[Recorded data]
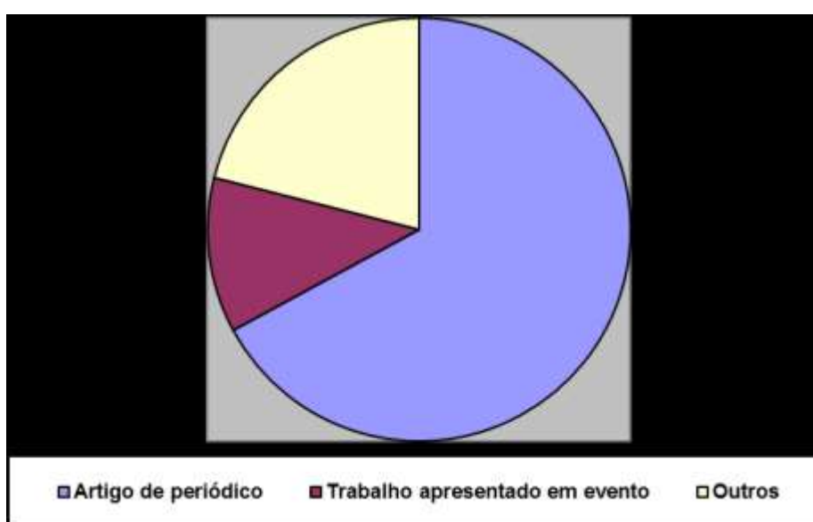
GRÁFICO 2 – Distribuição de documentos por tipo

Quanto ao tipo de publicação, verifica-se que a maior parte dos documentos é de artigos de periódico (67%), seguidos pelos trabalhos apresentados em eventos (12%). Outros tipos de publicação, tais como artigos de jornal, preprints , apresentações, cartas, editoriais e ensaios, somam 21% da amostra (Gráfico 2). A prevalência de artigos de periódicos na amostra reflete a composição das fontes selecionadas – a maioria dos itens vem da base Scopus , composta majoritariamente por documentos formais. A presença de preprints , apresentações e similares se justifica pela inclusão de fontes como arXiv e eLIS , que abrangem documentos informais.
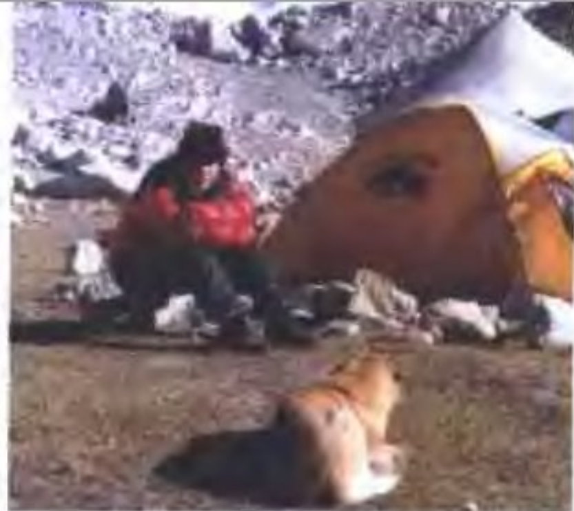
2000年10月西藏，我在珠峰大本营。我喜欢人在旅途的生活。如果说生病也是一项游历的话，那么白血病就是最别开生面的一种。这次旅行是我人生中风险最高，花费最昂贵的一次。
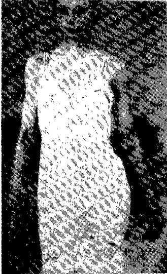
〈그림 14〉 슬립드레스 2 Moda In N. 100, 1996

여 주인공이 입고있는 하늘거리는 튜닉을 모티브로 하고 있는 드레스이다. 과거의 아름다움을 섬세하고 순수하게 표현하여 38) 로맨틱한 분위기를 자아낸다.

Work task: Output the lines, exactly: the first line of the entries above, every line after it, and the line with "Quanto ao tipo" as the last. No pictures.

Exercise output:
GRÁFICO 2 – Distribuição de documentos por tipo

Quanto ao tipo de publicação, verifica-se que a maior parte dos documentos é de artigos de periódico (67%), seguidos pelos trabalhos apresentados em eventos (12%). Outros tipos de publicação, tais como artigos de jornal, preprints , apresentações, cartas, editoriais e ensaios, somam 21% da amostra (Gráfico 2). A prevalência de artigos de periódicos na amostra reflete a composição das fontes selecionadas – a maioria dos itens vem da base Scopus , composta majoritariamente por documentos formais. A presença de preprints , apresentações e similares se justifica pela inclusão de fontes como arXiv e eLIS , que abrangem documentos informais.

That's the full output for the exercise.